EXERCISE:
Copy the data exactly. Images are to be left out.

DATASET SECTION:
★ ★ ★

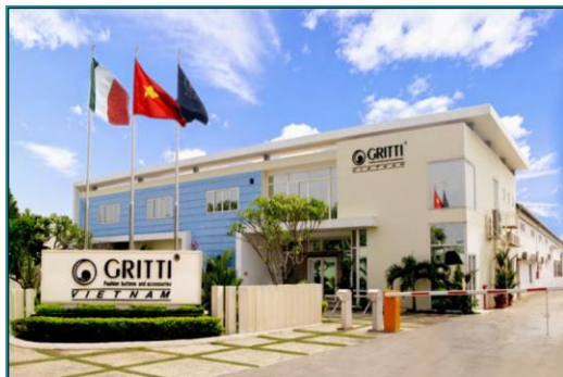
Gritti, Thuận An Bình Dương - 2022
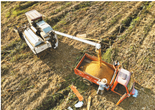
潼南农机团队,假期跨区域作业。

同样,在金融城市中心二期二标段项目建设现场,施工人员在各自的岗位上作业,现场忙碌而有序。
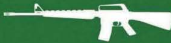
للصان أحمد جحاف

★ ★ ★

WRITTEN RESPONSE:
Gritti, Thuận An Bình Dương - 2022
潼南农机团队,假期跨区域作业。

同样,在金融城市中心二期二标段项目建设现场,施工人员在各自的岗位上作业,现场忙碌而有序。
للصان أحمد جحاف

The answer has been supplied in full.